E. Certain Shareholders are acquiring, via the conversion right,
the Common Stock of ETT. They will acquire such common stock
for investment and not with the view to or for immediate resale
as the Shareholders understand the shares being offered are
unregistered securities under the Securities Act of 1933. The
shares are "restricted" securities within the meaning of Rule
144 of the Securities and Exchange Commission and may not
be sold or disposed of other than pursuant to Rule 144.
F. Accu-Tech and the Shareholders will, at any time or from time to
time after the Closing Date, upon the request of ETT, execute,
acknowledge and deliver, all such further bills of sale,
assignments, checks endorsements or other instruments of
transfer and conveyance as may be reasonably required to
confirm or better effectuate the sale, transfer, assignment or
delivery of the Assets to ETT.
G. Accu-Tech has provided to ETT unaudited financial statements of
Accu-Tech for the period ending December 31,1993 and April 30,
1994. Such statements are true, accurate, complete and correct
and fairly set forth the financial condition of Accu-Tech as of
the dates specified (attached hereto as Schedule F).
H. Attached hereto and made a part hereof as Schedule E is a brief
description of all leases of real property to which Accu-Tech is
now or will be a party at the Closing Date. Accu-Tech owns free
and clear of any lien, mortgage, pledge, claim, encumbrance or
charge or leases all of the fixtures and equipment in the
structures located on such leased premises.

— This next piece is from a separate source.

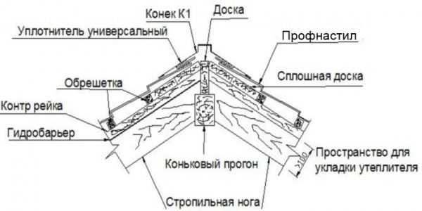 Гладкие коньковые элементы лучше всего подходят для выполнения коньковой планки. Специалисты советуют, прокладывать между листами покрытия и гладкими элементами конька дополнительный уплотнитель, который непременно должен быть проветриваемым. Укладка конькового уплотнителя производится в том случае, если у листов достаточно мелкая гофра.

I. No complaints that Accu-Tech is in violation of any federal,
state or local statute, law, ordinance, regulation, rule or
order in the operation of its business, have been received by
Accu-Tech or Shareholders and, to the best of their knowledge,
none are threatened.
J. Accu-Tech has all material permits, licenses, registrations,
franchises and approvals of and from all governmental
authorities necessary for the operation of its business and
no governmental approval is required for the sale of the Assets
contemplated herein.
K. No notice, notification, demand, request for information,
citation, summons, complaint or order has been issued or filed,
no penalty has been assessed and no investigation or review is
known by Accu-Tech or Shareholders to be pending or threatened
by any governmental entity or agency (i) with respect to any
alleged violation of any law, ordinance, rule, regulation
or order of any governmental entity in connection with the
conduct of the business of Accu-Tech and relating to a Hazardous
Substance (as hereinafter defined) or (ii) with respect to any
alleged failure to have any permit, certificate, license,
approval, registration or authorization required in connection
with the conduct of the business of Accu-Tech and relating to a
Hazardous substance or (iii) with respect to any generation,
treatment, storage, recycling, transportation, disposal or
release of any toxic, caustic or otherwise hazardous substance,
including petroleum, its derivatives, by-products and other
hydrocarbons, whether or not regulated under federal, state or
local environmental statutes, ordinances, rules, regulations or
orders ("Hazardous Substance") used in connection with the
business of Accu-Tech.
Accu-Tech has not handled any Hazardous Substance and mon are present
on any property now or previously owned or leased by Accu-Tech, nor has
Accu-Tech allowed any release thereof nor transported or allowed transport
thereof to any location. There are no underground storage tanks, currently in
use or abandoned, at any property now or previously owned or leased by
Accu-Tech which have been used to store or have contained a Hazardous
Substance.
No Oral or written notification of a release of a Hazardous Substance has
been made or filed by or on behalf of Accu-Tech and no property now or
previously owned or leased by Accu-Tech is listed, or proposed for listing, on
the National Priorities List promulgated pursuant to any federal or state list
of sites requiring investigation or clean-up.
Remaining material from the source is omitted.